The American Academy of Pediatrics and the US Public Health Service in 1999 published a joint statement that urged “all government agencies to work rapidly toward reducing children's exposure to mercury from all sources.” The statement recommended that thiomersal be removed from vaccines as soon as possible as part of this overall process [19].

Following this, in developed countries, thiomersal has been removed from or reduced to trace amounts in all vaccines routinely recommended for children 6 years of age and younger, with the exception of inactivated influenza vaccine. Updated list of vaccines and their thiomersal content has been released by the FDA (15). In India, presently, certain brands of Hepatitis B vaccine (Genevac B), DTwP vaccine combinations (Pentavac) and inactivated influenza vaccines (Multidose Vaxigrip) contain Thiomersal as preservative ranging from 0.005% in Hep B and DTwP vaccines to trace (1µg/0.25 ml dose) in influenza vaccine [20].

Studies

Positive evidence: In light of the apparently increased incidence of autism in the 1990s, along with the increased mercury exposure through the childhood vaccination program in the United States, the hypothesis of thiomersal-containing vaccines as an etiology for autism seemed plausible to some, but anecdotal to others [21]. It is important to note that the National Research Council of the US National Academy of Science in 2000 determined that there is a causal relationship between childhood methylmercury exposure and neurodevelopmental disorders [22].

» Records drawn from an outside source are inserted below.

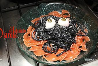 - Prendete i piatti e dividete sui fondi la pasta rossa e conditela con un filo d' olio e un po' di pepe, poi sopra accomodateci un nodo di capelli di strega;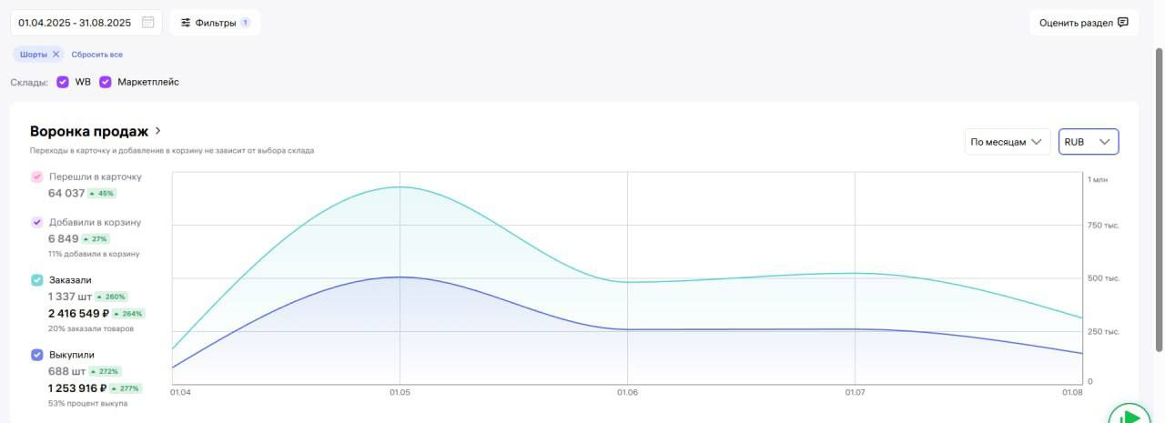 - Процент выкупа 60% (для категории одежды это превосходно)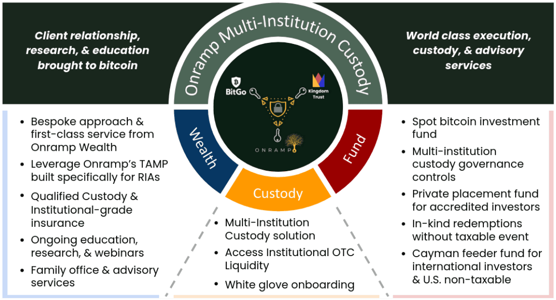 Given the demand we observed over the summer for various bitcoin-exposure vehicles leveraging the multi-institution custody model, Onramp is relaunching to realize our full vision – a comprehensive global bitcoin asset management platform purpose-built for institutions and HNWIs, all built on the foundation of multi-institution custody. In pursuit of our overarching goal to provide clients with a differentiated form of bitcoin custody that maximizes security while minimizing counterparty risk, we’re expanding our platform beyond the Onramp Bitcoin Trust, in partnership with BitGo, to bring to market the very first multi-institution custody solution requiring multiple financial services entities to independently onboard and verify a client’s unique controls when processing withdrawal requests. BitGo, having pioneered the first implementation of a multi-signature wallet and being the industry leader in bitcoin infrastructure for the past 10 years, was a natural partner for us to bring this custodial offering to market. We are equally excited to add Coincover, in addition to Kingdom Trust, to our institutional key partner quorums for Onramp’s growing global client base.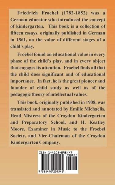 Friedrich Froebel (1782-1852) was a German educator who introduced the concept of kindergarten. This book is a collection of fifteen essays, originally published in German in 1861, on the value of different stages of a child's play. Froebel found an educational value in every phase of the child's play, and in every object that engages its attention. Froebel finds all that the child does significant and of educational importance. In fact, he is the great pioneer and founder of child study as well as of the pedagogic theory of intellectual values. This book, originally published in 1908, was translated and annotated by Emilie Michaelis, Head Mistress of the Croydon Kindergarten and Preparatory School, and H. Keatley Moore, Examiner in Music to the Froebel Society, and Vice-Chairman of the Croydon Kindergarten Company.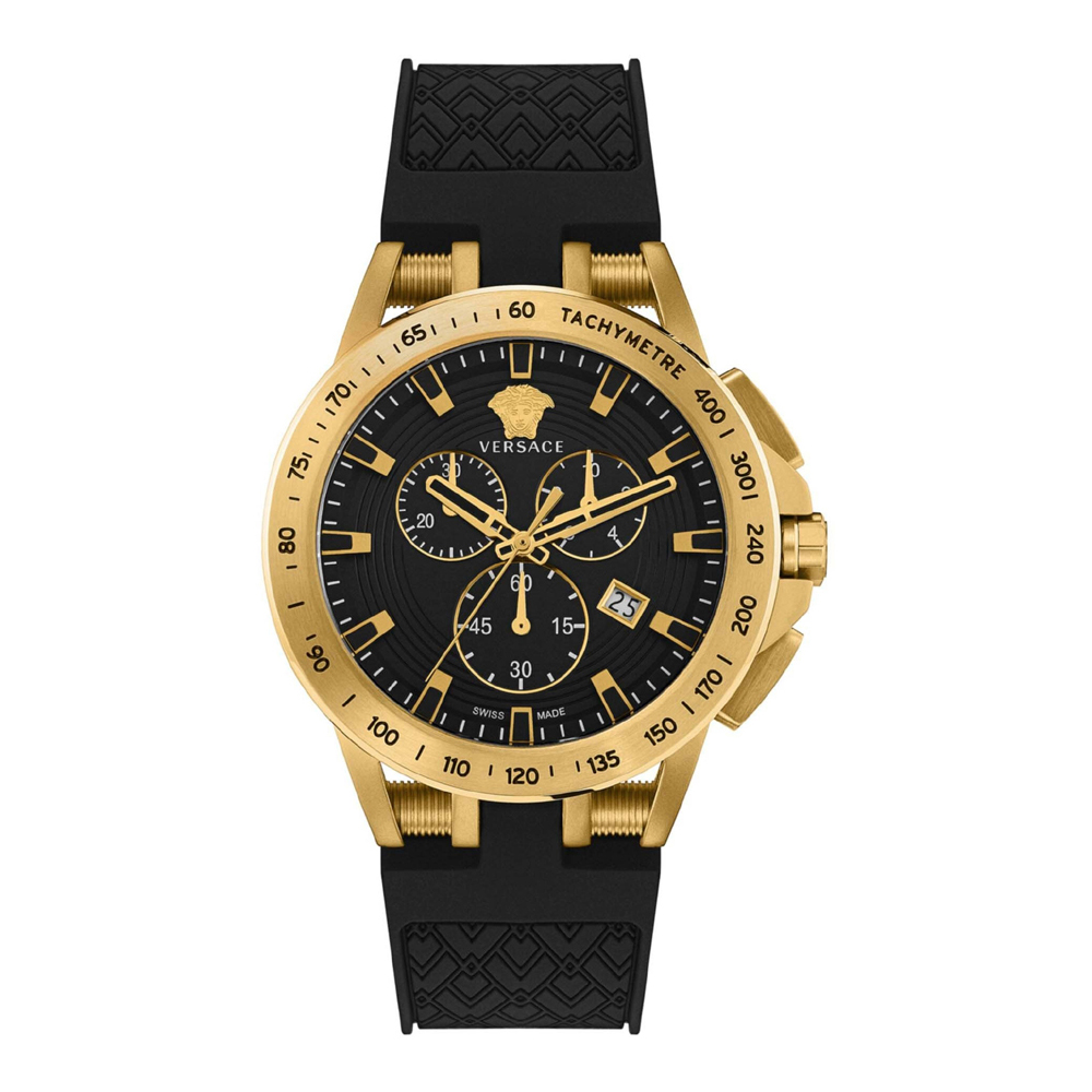 Versace VE3E00321 Sport Tech Herrenuhr Chronograph – Edelstahlgehäuse Gold – Silikonarmband Schwarz – Analoge Anzeige – Quarzuhrwerk

As per results of an ecological study it was observed that there were significantly increased rate ratios for the neurodevelopmental disorders of autism, autistic spectrum disorder (ASD), hyperkinetic syndrome of childhood (attention deficit disorder/attention deficit hyperactivity disorder), developmental disorder/learning disorder—not otherwise specified, disturbance of emotions specific to childhood and adolescence, and tics following additional Hg exposure from thiomersal containing childhood vaccines [23].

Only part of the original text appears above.